From the user point of view, the library can evaluate a net-list of binary gates homomorphically at a rate of about 50 gates per second per core, without decrypting its input. It suffices to provide the sequence of gates, as well as ciphertexts of the input bits. And the library computes ciphertexts of the output bits.
Unlike other libraries, TFHE has no restriction on the number of gates or on their composition. This makes the library usable with either manually crafted circuits, or with the output of automated circuit generation tools. For TFHE, optimal circuits have the smallest possible number of gates, and to a lesser extent, the possibility to evaluate them in parallel.
Dependencies
The library interface can be used in a regular C code. However, to compile the core of the library you will need a standard C++11 compiler. Currently, the project has been tested with the g++ >= 5.2 compiler and clang >=3.8 under Linux, as well as clang under MacOS. In the future, we plan to extend the compatibility to other compilers, platforms and operating systems.
At least one FFT processor is needed to run the project:
- The default processor comes from Project Nayuki, who proposes two implementations of the fast Fourier transform - one in portable C, and the other using the AVX assembly instructions. This component is licensed under the MIT license, and we added the code of the reverse FFT (both in C and in assembly). Original source: https://www.nayuki.io/page/fast-fourier-transform-in-x86-assembly
- we provide another processor, named the spqlios processor, which is written in AVX and FMA assembly in the style of the nayuki processor, and which is dedicated to the ring R[X]/(X^N+1) for N a power of 2.

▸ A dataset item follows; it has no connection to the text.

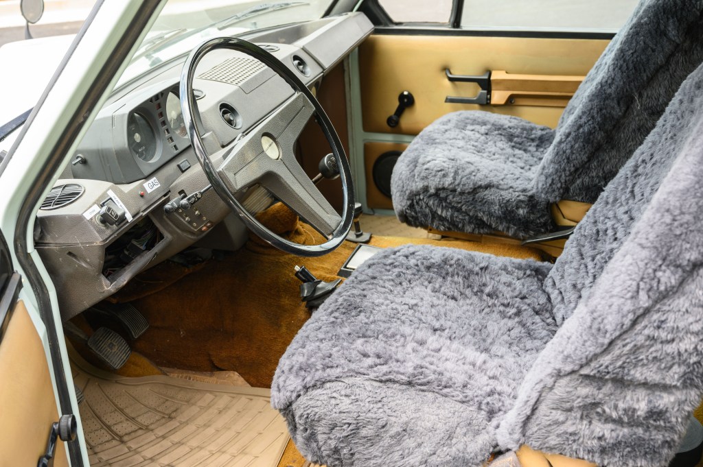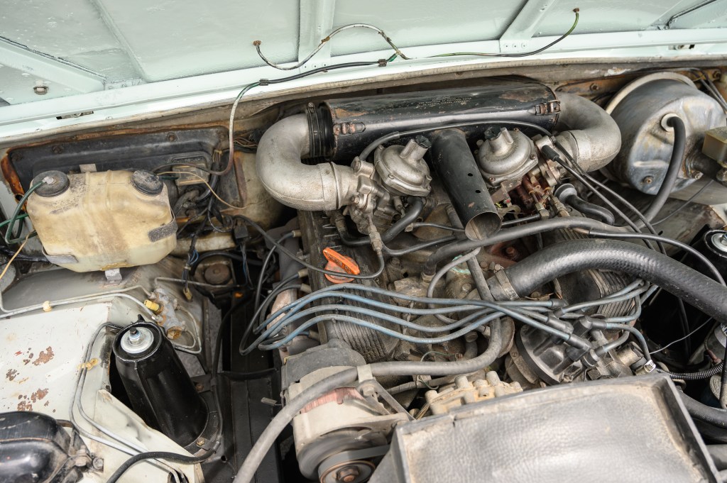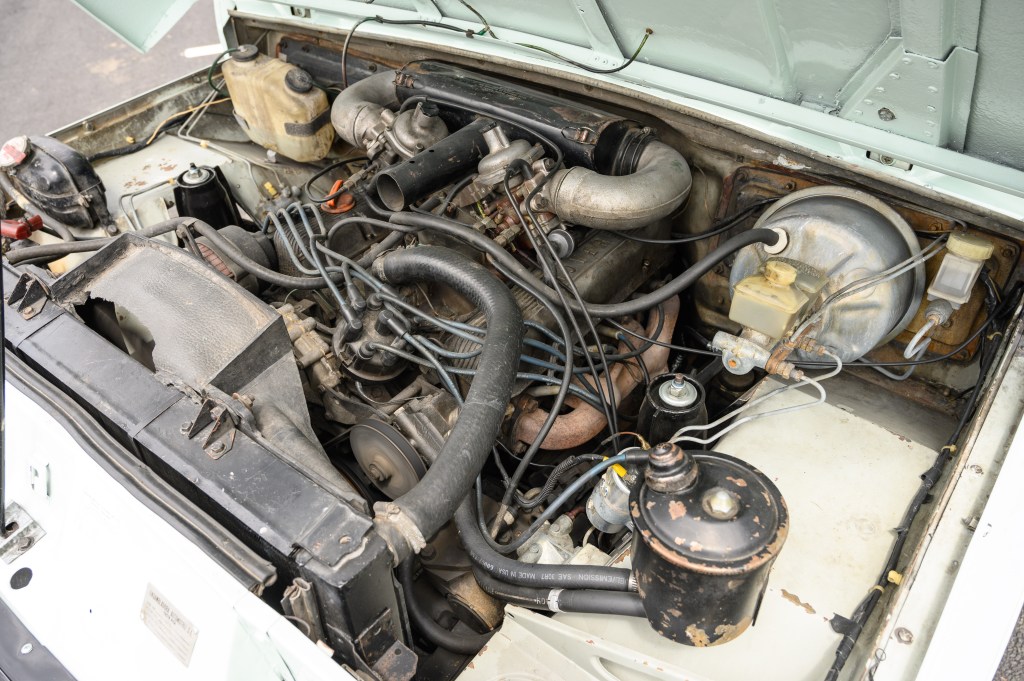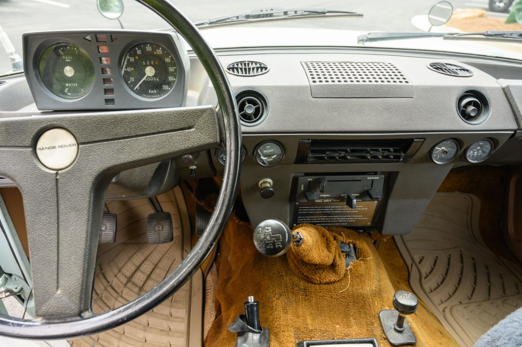 This one-owner Arctic White 1978 Range Rover Classic was repainted in the factory Arctic White. The interior and headliner are original, with palomino carpet and seats. The Rover is equipped with a 3.5L V8 carbureted gas engine and is all wheel drive. An aftermarket radio was installed in the 80’s, with the hole left in the dash to keep the history of the vehicle intact. The Rover comes with the original tools and documents.

- We also provide a connector for the FFTW3 library: http://www.fftw.org. With this library, the performance of the FFT is between 2 and 3 times faster than the default Nayuki implementation. However, you should keep in mind that the library FFTW is published under the GPL License. If you choose to use this library in a final product, this product may have to be released under GPL License as well (other commercial licenses are available on their web site)

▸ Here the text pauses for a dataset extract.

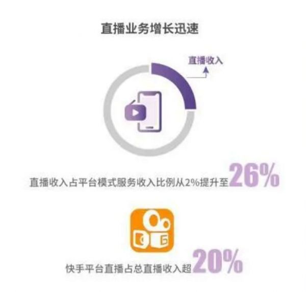 在代运营业务中,来自直播业务的收入增速较快,在平台服务总收入的占比增长至26%,快手平台直播在总直播收入中占比超过20%。

- We plan to add other connectors in the future (for instance the Intel’s IPP Fourier Transform, which should be 1.5× faster than FFTW for 1D real data)
Installation
To build the library with the default options, run make and make install from the top level directory of the TFHE project. This assumes that the standard tool cmake is already installed on the system, and an
up-to-date c++ compiler (i.e. g++ >=5.2 or clang >= 3.8) as well.
It will compile the shared library in optimized mode, and install it to the /usr/local/lib folder.
If you want to choose additional compile options (i.e. other installation folder, debug mode, tests, fftw), you need to run cmake manually and pass the desired options:
mkdir build
cd build
cmake ../src -DENABLE_TESTS=on -DENABLE_FFTW=on -DCMAKE_BUILD_TYPE=debug
make
The available options are the following:
| Variable Name | values |
|---|---|
| CMAKE_INSTALL_PREFIX | /usr/local installation folder (libs go in lib/ and headers in include/) |
| CMAKE_BUILD_TYPE |
|
| ENABLE_TESTS | on/off compiles the library's unit tests and sample applications in the test/ folder. To enable this target, you first need to download google test sources: git submodule init; git submodule update (then, use ctest to run all unittests) |
| ENABLE_FFTW | on/off compiles libtfhe-fftw.a, using FFTW3 (GPL licence) for fast FFT computations |
| ENABLE_NAYUKI_PORTABLE | on/off compiles libtfhe-nayuki-portable.a, using the fast C version of nayuki for FFT computations |
| ENABLE_NAYUKI_AVX | on/off compiles libtfhe-nayuki-avx.a, using the avx assembly version of nayuki for FFT computations |
| ENABLE_SPQLIOS_AVX | on/off compiles libtfhe-spqlios-avx.a, using tfhe's dedicated avx assembly version for FFT computations |
| ENABLE_SPQLIOS_FMA | on/off compiles libtfhe-spqlios-fma.a, using tfhe's dedicated fma assembly version for FFT computations |
Security estimates and parameter choices.
The current parameters implemented in the TFHE library have been updated from the ones proposend in the original TFHE paper [CGGI16], according to the new estimates done in the JoC paper [CGGI19], and new attack models integrated in LWE estimator{:target="_blank"}. The implementation uses two sets of keys on two different noise levels, both required to execute the gate bootstrapping.
ciphertext dimension n |
noise rate (stdev) sd |
security bits $\lambda$ | |
|---|---|---|---|
| Key-Switching key (LWE) | 630 | $2^{-15}$ | 128 bits |
| Bootstrapping key (Ring-LWE) | 1024 | $2^{-25}$ | 130 bits |
| Overall security | 128 bits |
With these parameters, the gate bootstrapping runs in about 10-20 ms, depending on the machine: as instance, one bootstrapped binary gate takes about 13 ms on a Intel i9-9900k CPU and about 17 ms on an average i7 Xeon processor (single core).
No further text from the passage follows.